Evaluation of Dose-Response Relationship of Permeation Enhancer Isopropyl Myristate Release on Drug Release: Release Enhancement Efficiency and Molecular Mechanism.

Abstract

The objective of this study is to investigate the dose-response relationship between various concentrations of permeation enhancers (PEs) and their ability to enhance drug release from a polymer matrix, utilizing an innovative parameter known as release enhancement efficiency (K). Additionally, the molecular mechanism underlying dynamic enhancement was also examined. Isopropyl myristate (IPM) was used as model enhancer and zolmitriptan (ZOL) was used as model drug to investigate dose-effect relationship in pressure sensitive adhesives (PSA). The release behavior of the PEs was determined by LC-MS/MS and verified by confocal laser scanning microscopy (CLSM). The enhancing effect of the PE on ZOL release was evaluated through in vitro release experiments and further validated by pharmacokinetics study.
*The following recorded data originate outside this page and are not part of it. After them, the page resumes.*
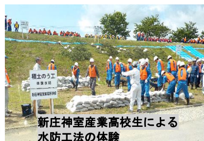
新庄神室産業高校生による水防工法の体験
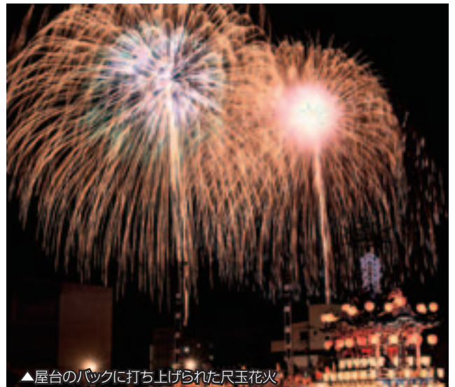
▲屋台のバックに打ち上げられた尺玉花火

羊山公園で打ち上げますので、市役所付近から西武秩父駅にかけての国道140号沿い、及び道の駅ちちぶから広くご覧いただけます。(中面地図をご覧ください)
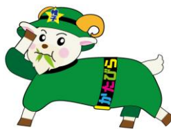
帷子地区センターイメージキャラクター 「くさなックス」
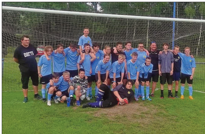
Tým starších žáků za sezonu 2022/2023
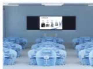
人工智能实验室场景
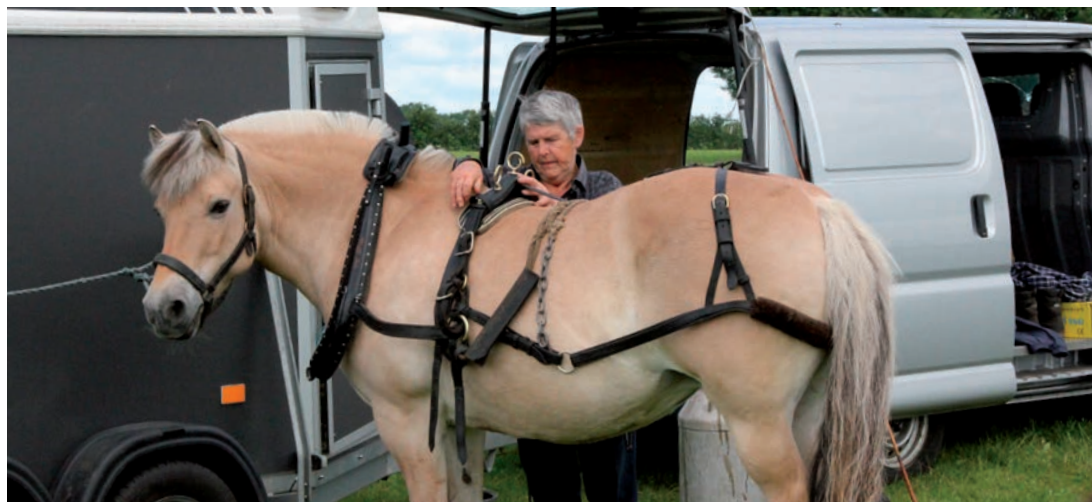
Forspænding kontrolleres også
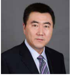
鞠强 主任医师,上海交通大学医学院 附属仁济医院皮肤科主任 演讲议题:痤疮,激素依赖性皮炎 修复
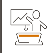
Individuelle Aus- und Weiterbildungen
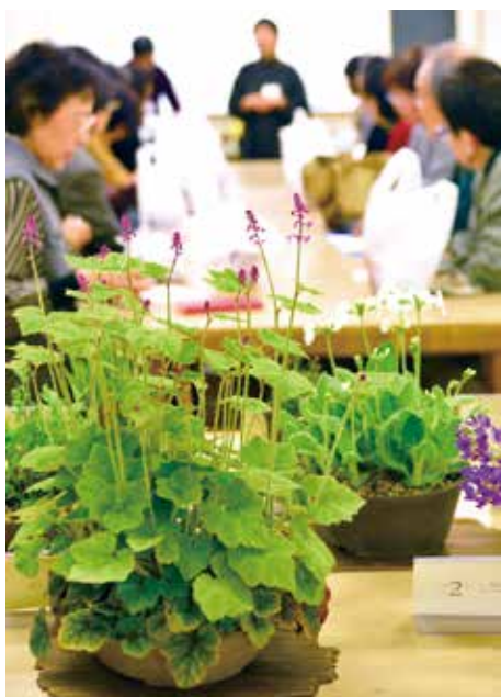
山野草を育てましょう

And the molecular mechanism was characterized with thermal analysis (DSC), Fourier transform infrared spectroscopy (FT-IR) and molecular dynamics simulation. K was 0.156, 0.286 and 0.279 at 3%, 6% and 9% IPM concentrations, indicating that the enhancement efficiency reached the maximum when the 6% IPM was applied. According to the mechanism research results, the fluidity of PSA increased linearly with the increase of IPM concentrations, but the interaction between IPM and ZOL reached its strongest point at 6%. In summary, the increase of K value (from 0 to 6% IPM content) was caused by the synergy of increased mobility of PSA and interaction (dipole-dipole and hydrogen-bond) among three components, and when the above two actions were in antagonistic, K no longer increased (6-9% IPM content).